2月が終わったと思ったら、3月も4日経ってしまった。今日の一枚は土壁の中塗り作業。
「俺の顔に泥を塗った」というのは恥をかかせたという意味だが、壁に土を塗るのは体裁を整えることになる。なかなか難しいものだ。
写真の現場は宮光園。この壁を塗り終えると、上屋部分(2階建ての所)は概ね出来たことになるので、続いて下屋(1階建ての部分)の作業に移る。基礎を設けて、土台を敷いて柱を立てる。梁を掛けて、屋根を葺いて、壁を塗って、建具を入れる。工期は3分の2過ぎたのに、なんと仕事はそっくり1軒分まだ残っているのだ。何だか振り出しに戻った気分ではある。
そんな訳で、下の写真は基礎工事。

石工が基礎石を据えている所。砕石を転圧して、固練りのモルタルの上に御影石を置く。高さを揃えるために、紺色のジャンパーを着た職人が、木製のハンマーみたいなやつで叩くと、石は少しずつ沈み込んでゆく。向側に座っているのは親方で「もうちょい」とか言いながら指示しているが、力加減が難しい。勢い良く叩きすぎて沈みすぎれば、やり直しもしばしばなのだ。

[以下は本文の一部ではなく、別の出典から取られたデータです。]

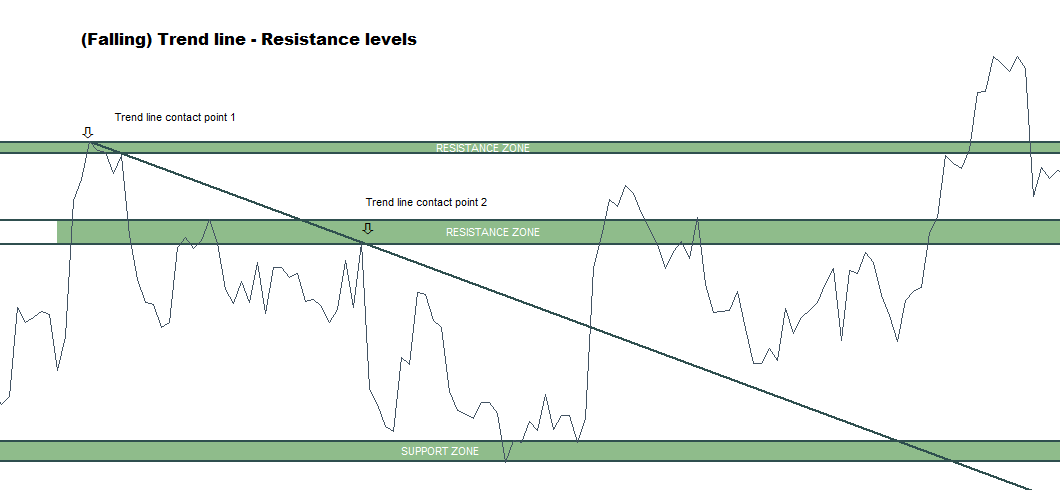 In the trend line break trading strategy, plotting horizontal support and resistance levels are relatively easy. Remember we said that we need at least two contact points to plot a trend line? Well these very contact points forms the support levels or resistance levels.
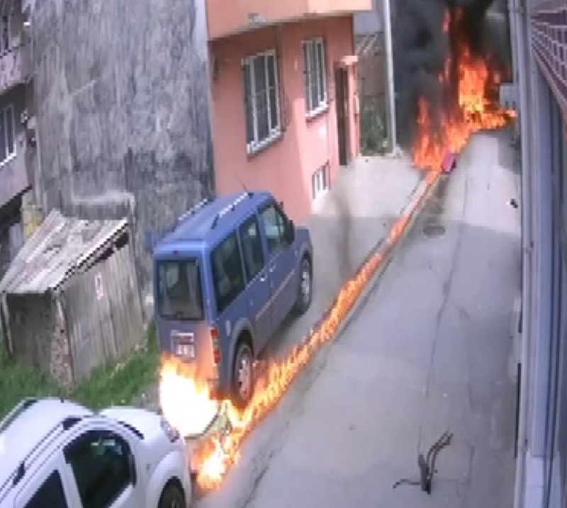 İnfilak eden uçağın düştüğü sokakta 5 metre ileride biri çocuk iki kişinin de mutlak ölümden kurtulduğu görüntülerden anlaşılıyor.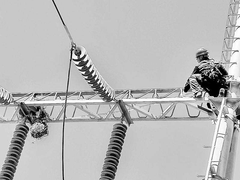 9月3日,福能新能源公司漳州隆教升壓站利用配合對側(cè)停電檢修的時機(jī),進(jìn)行站內(nèi)專項消缺工作,及時消除了影響升壓站安全運(yùn)行的隱患。圖為檢修人員正在清除110kV出線龍門架上的鳥巢。(江偉忠 江偉坤 攝)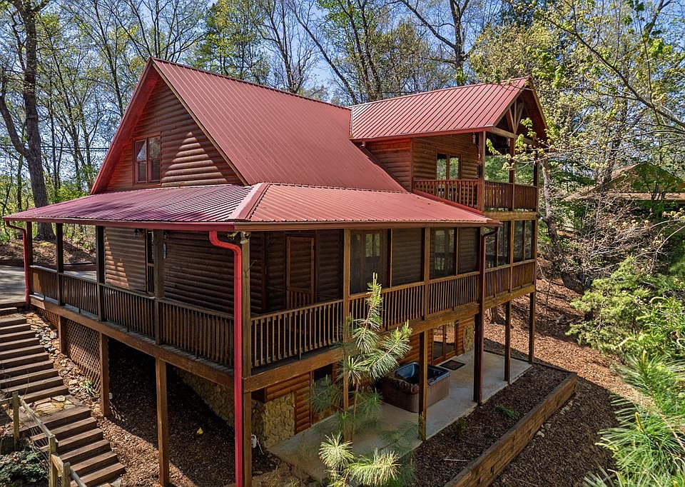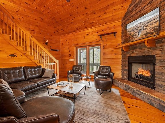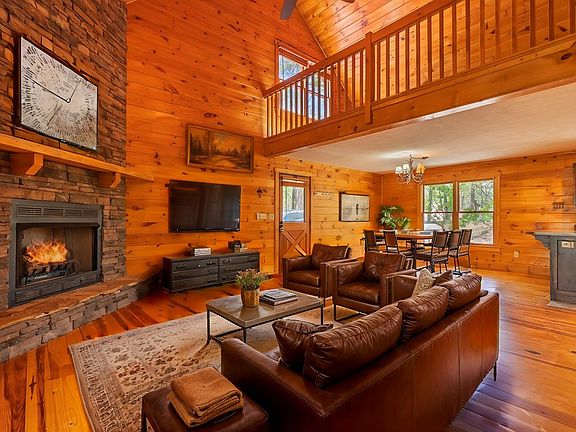 SELLER FINANCE AVAILABLE! Seller will consider all offers. Enchanting 3-bedroom, 2-bath log cabin in the sought-after Coosawattee River Resort, close to the Ellington gate for easy access. This well-maintained cabin offers the perfect blend of rustic charm and modern upgrades. Enjoy a spacious two-story family room with a stunning stone fireplace, an open-concept layout with a cozy loft, and a primary suite featuring an upgraded bathroom with a separate soaking tub and walk-in shower. The finished basement includes a large bedroom and a partially finished bathroom with potential for future expansion. Outdoor living is a dream with a wrap-around deck and screened-in porch overlooking peaceful wooded surroundings and a hot tub waiting for you. The concrete driveway with turnaround, a fenced yard ideal for pets or gardening, and a storage outbuilding add practicality. Just 7 minutes to downtown Ellijay and 30 minutes to Blue Ridge, with wineries and mountain adventures nearby. Ideal for full-time living, a weekend retreat, or a profitable vacation rental—this cabin is mountain living at its best!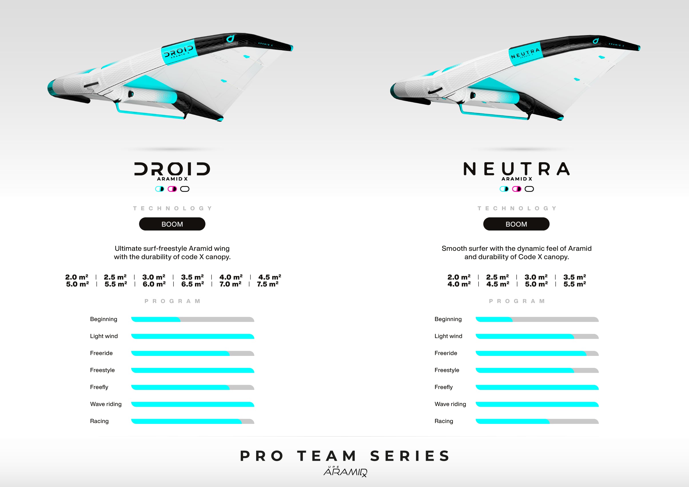 Quite simply, the Droid is the most compact wing in the range. It has the shortest wingspan and the smallest overall size. It has a bit more boom, so it’s less rectangular, slightly squarer. In 2026, its outline became rounder, less oval.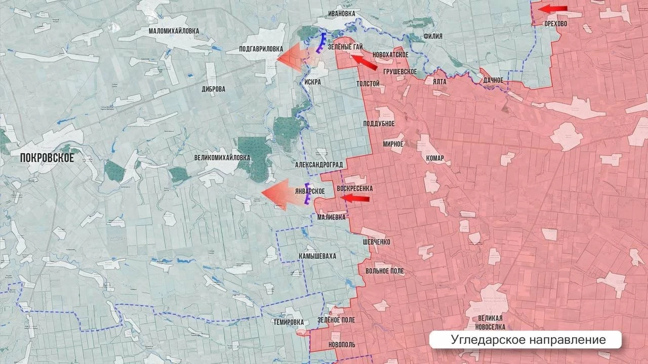 На западном участке Покровского направления армия России атакует вдоль лесополос в направлении границы с Днепропетровской обл. На юге от Покровска российская пехота, несмотря на ожесточённое сопротивление ВСУ, продвинулась далеко за Троянду и ведёт бои в районе Шахтёрского, чтобы выровнять линию фронта и выйти на железнодорожную ветку. Противник отступает из соседнего Чунишино. Вооружённые силы России отрезали восточный путь снабжения Покровска, продвигаясь в районе Миролюбовки. Наступая в районе Сухецкого, что на севере от Родинского, наши войска лишили противника и важнейшего северного маршрута снабжения Покровска. При этом потеря самого Родинского ускорит обрушение всего северного участка обороны Красноармейской агломерации.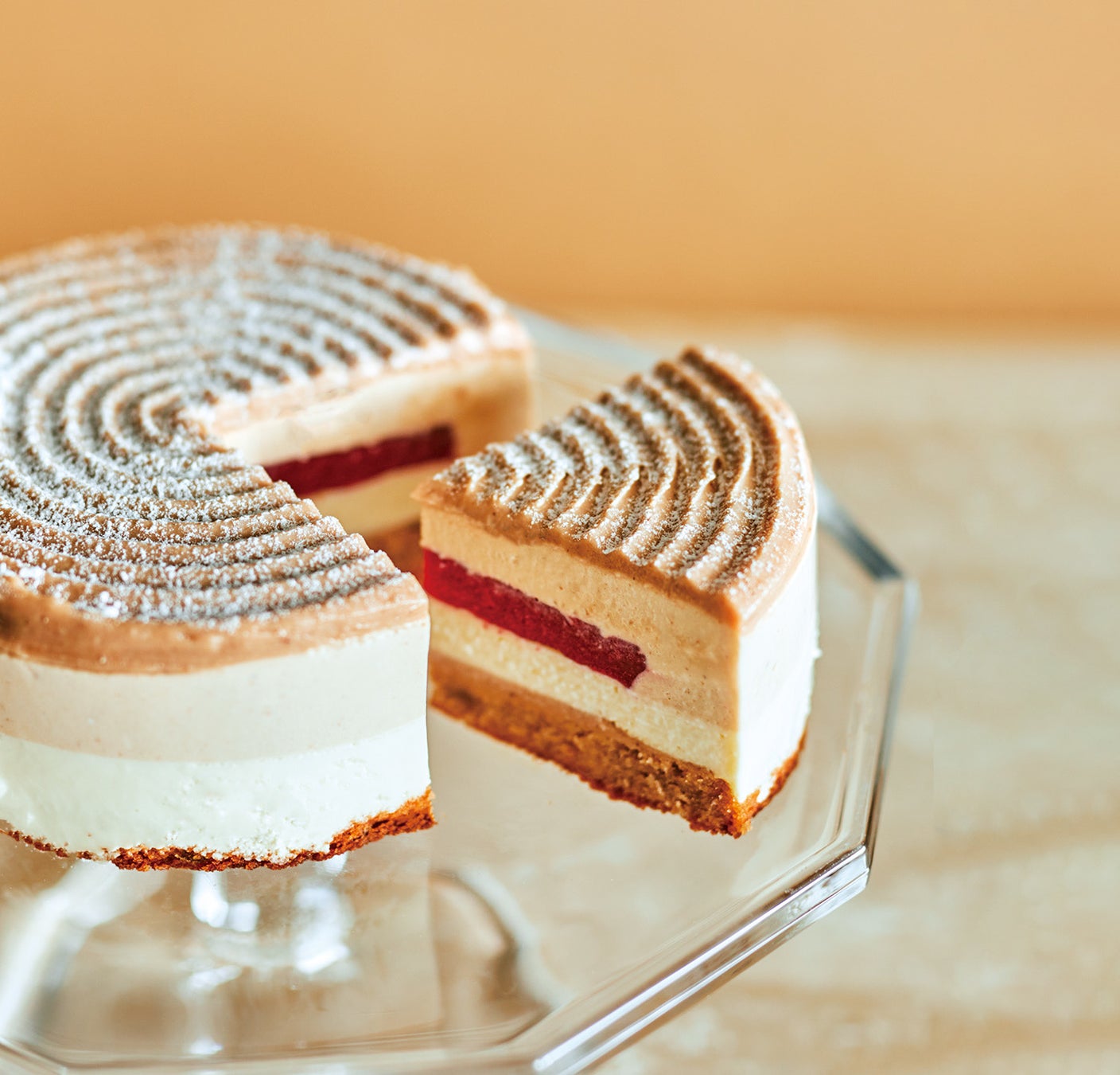 毎月メゾンカカオの誕生日25日に登場する、月替わりのショコラティエのおすすめケーキ、「MAISON SPÉCIALITÉ」。9月は和栗独特の深い甘みとフローラルな香りをチョコレートと合わせた、モンブラン・ショコラが限定登場します。ケーキの土台となるのは和栗のペーストとアーモンドクリームを合わせ、渋皮栗を乗せて焼きあげたもの。上は5層仕立てで、食感の良い生地に合わせた滑らかなムースとなっています。濃厚な和栗のペースト、ラムを効かせた華やかなホワイトチョコレートのムース、アクセントのフランボワーズのジュレ、和栗と渋皮栗をブレンドした栗のムースを重ねました。最後に渋皮栗と和栗のペーストを合わせたクリームを絞り、モンブランに仕立てました。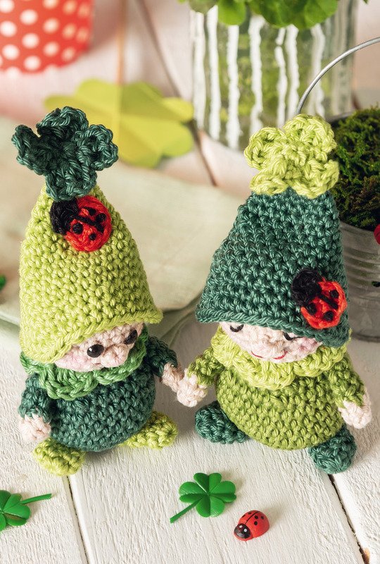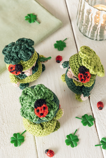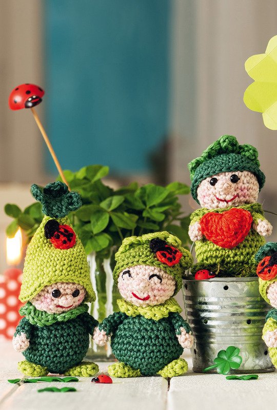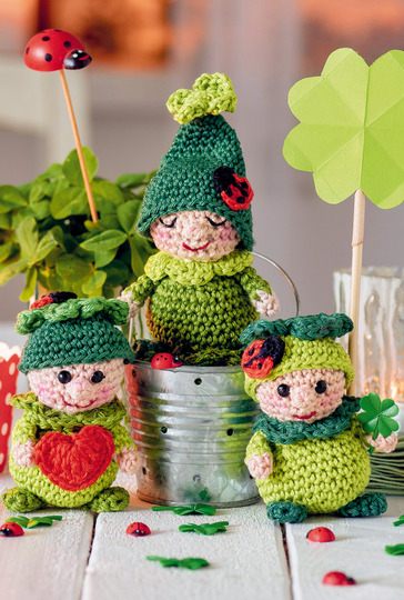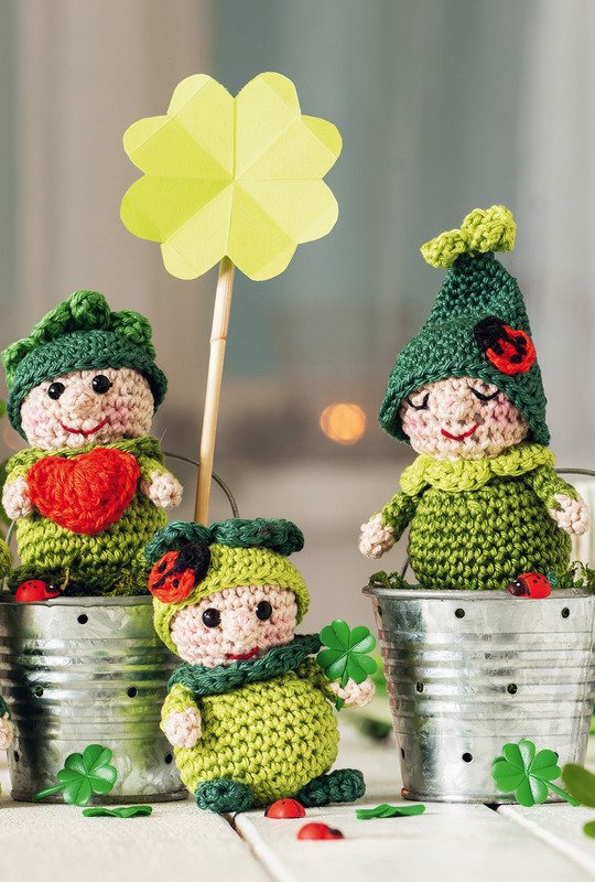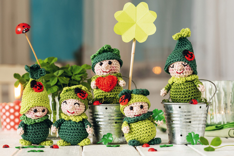 Es schadet nie, dem Glück ein wenig auf die Sprünge zu helfen, zum Beispiel mit diesen kleinen drolligen Glücksklee-Wichteln. Sie eignen sich perfekt als Geschenk zum Jahreswechsel für liebe Freunde oder sich selbst! Extratipp: Auf dem gefalteten Kleeblatt aus Papier lassen sich liebevolle Botschaften für die Beschenkten unterbringen – für doppeltes Glück. Die Wichtel werden mit festen Maschen nach der ausfühlichen Anleitung mit verschiedenen Baumwollgarnresten gehäkelt. Das ist auch für etwas ungeübtere Häklerinnen kein Problem. Die fünf Wichtel tragen verschiedene Mützenvarianten mit jeweils einem Marienkäfer als Schmuck.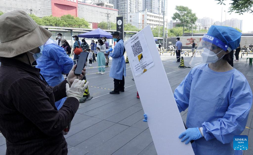 A young volunteer guides residents to register for the nucleic acid tests at a testing site in Chaoyang District of Beijing, capital of China, May 4, 2022. Many young people chose to devote themselves into volunteering work at the front line of the fight against the recent resurgence of COVID-19 in Beijing on Wednesday, China's Youth Day. (Xinhua/Li Xin)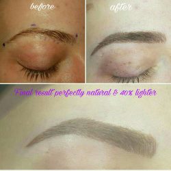 The best part about this technique is that there is limited down time. There is some slight redness and swelling immediately afterwards for some. It will only last up to 24hours. The brows will fade about 30% there may be some slight flaking of skin as it heals.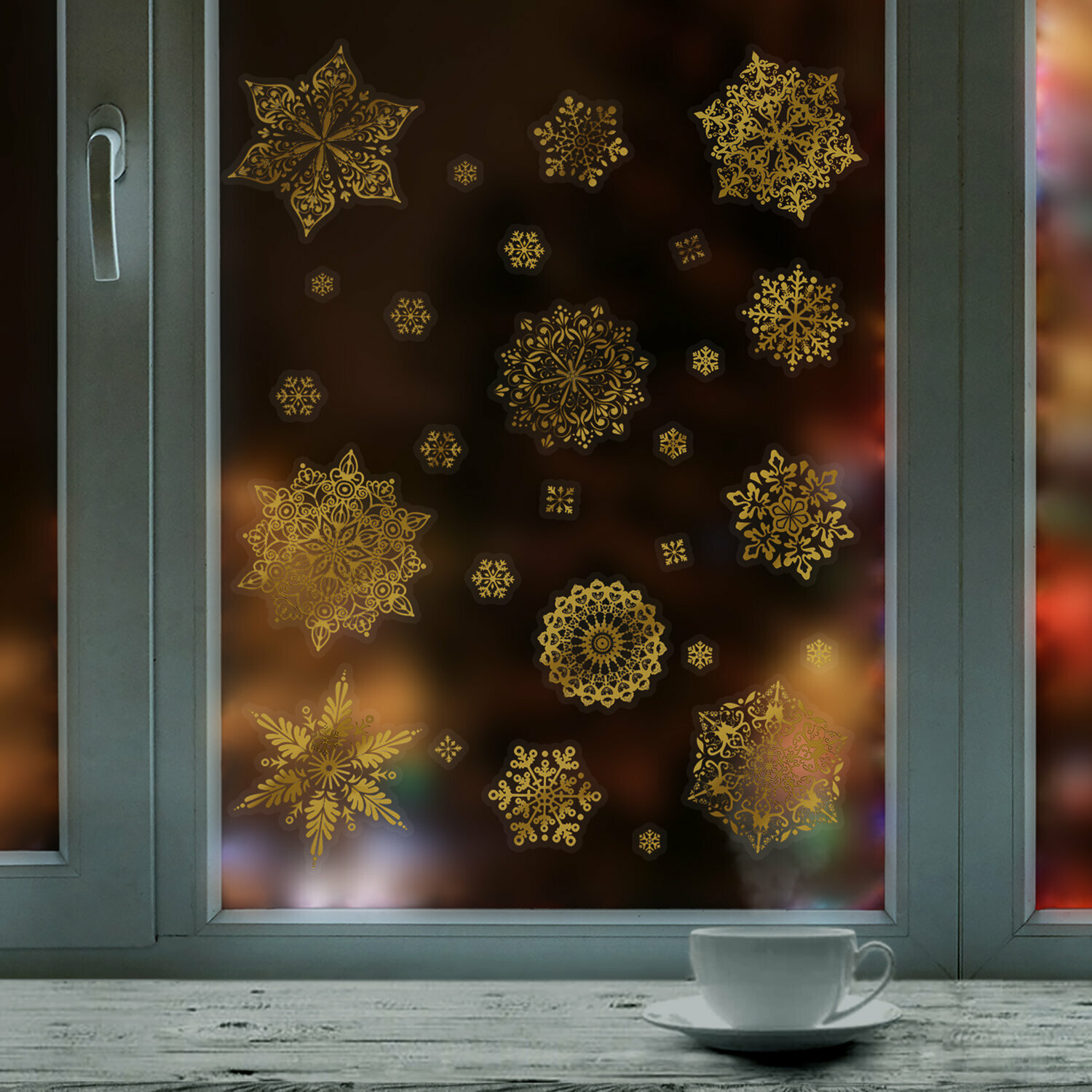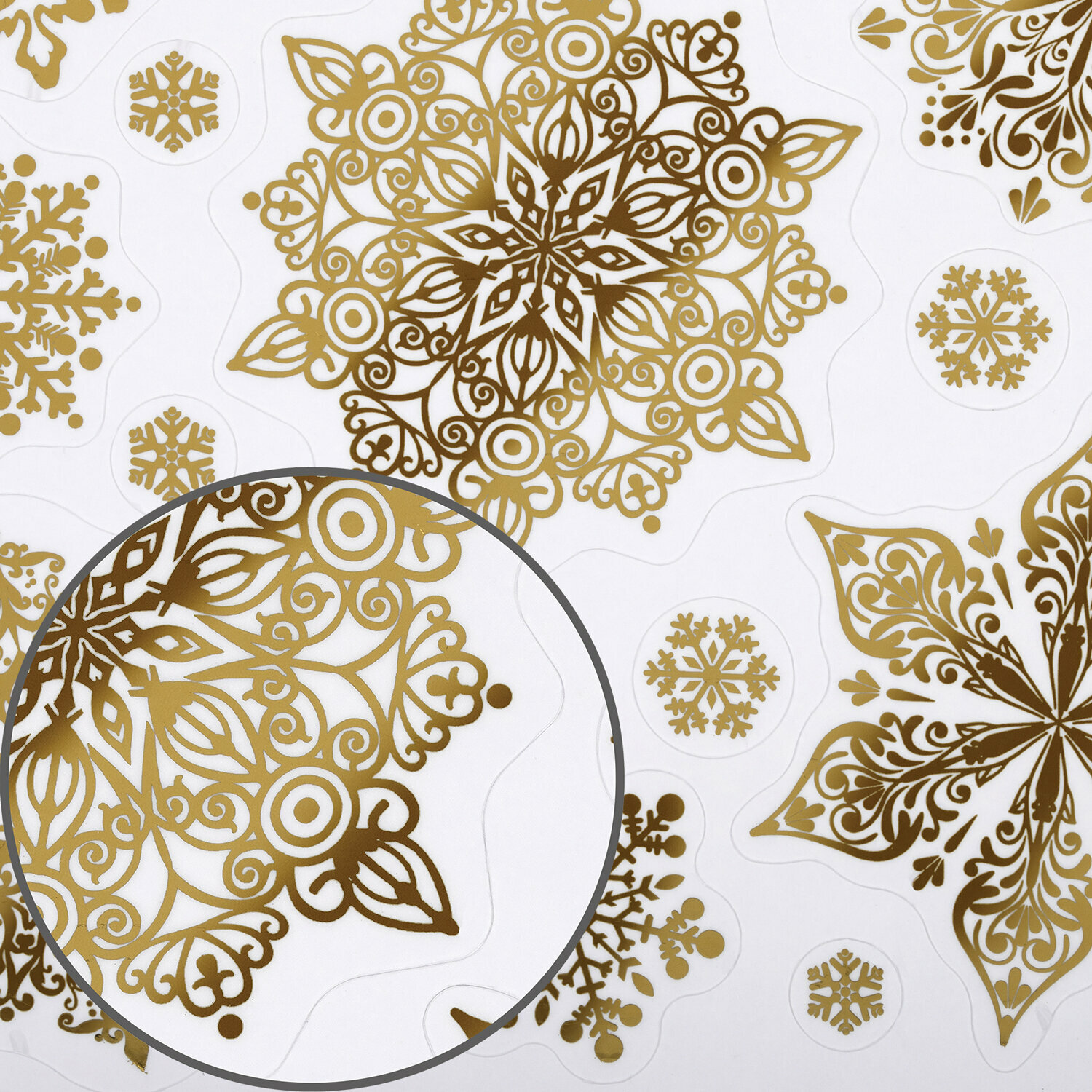 Наклейка для окон двусторонняя многоразовая 30х38 см, "Снежинки", фольга, золото, золотая сказка, 591927 информация: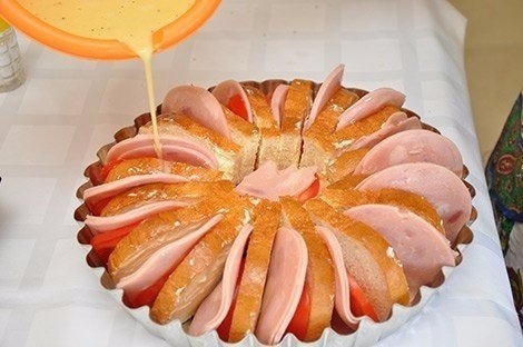 4. Между ломтиками батона положить дольки помидоров и ветчины.
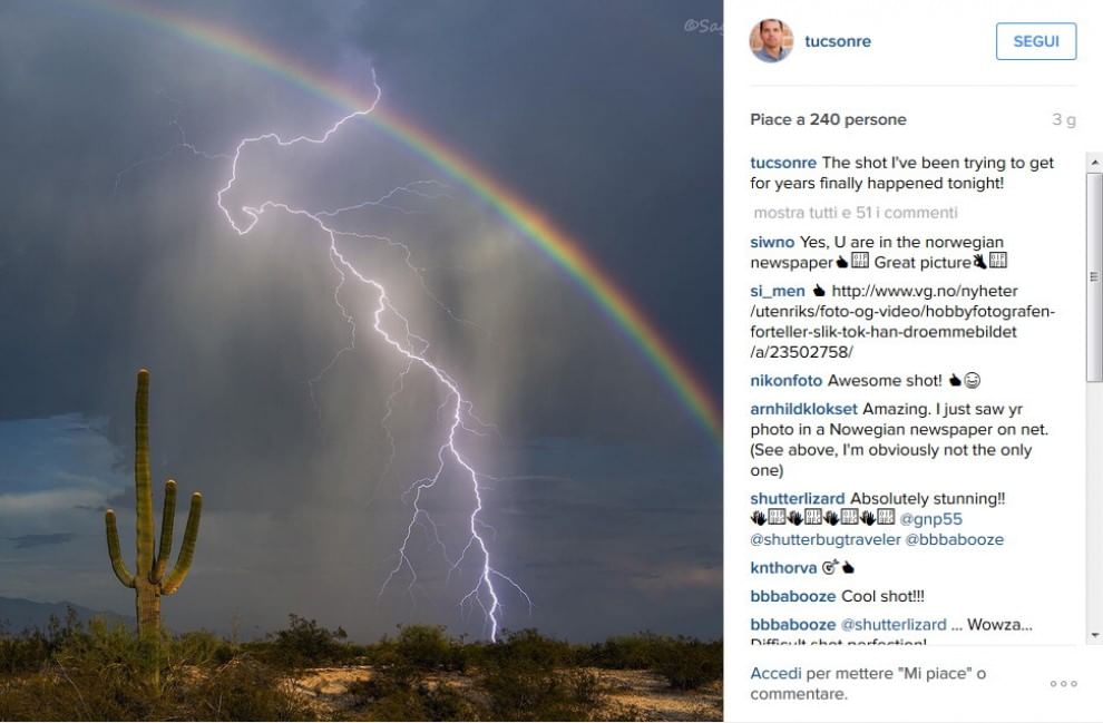 Efekti është vërtetë mbresëlënës, në të njëjtën fotografi shihet ylberi me rrufenë. Një spektakël i fiksuar pranë Marana, qytezë në Arizona të SHBA, nga një shitës imobiliar me një pasion të madh për fotografinë, Greg McCown, i cili prej shtatë vitesh gjurmonte një moment të tillë.

因みに木製のハンマーみたいなものは「たこ」と呼ばれるもの。そういえば何処と無く、似ているかも知れない。一人で使うものが「子たこ」で、2,3人で使うものを「大たこ」というらしい。現場ではいつも頭を叩かれているが、思い余って石を割ってしまうこともあるだろう。そんな時は「このたこ!」などと呼ばれてしまうのだろうか。気の毒な道具なのだ。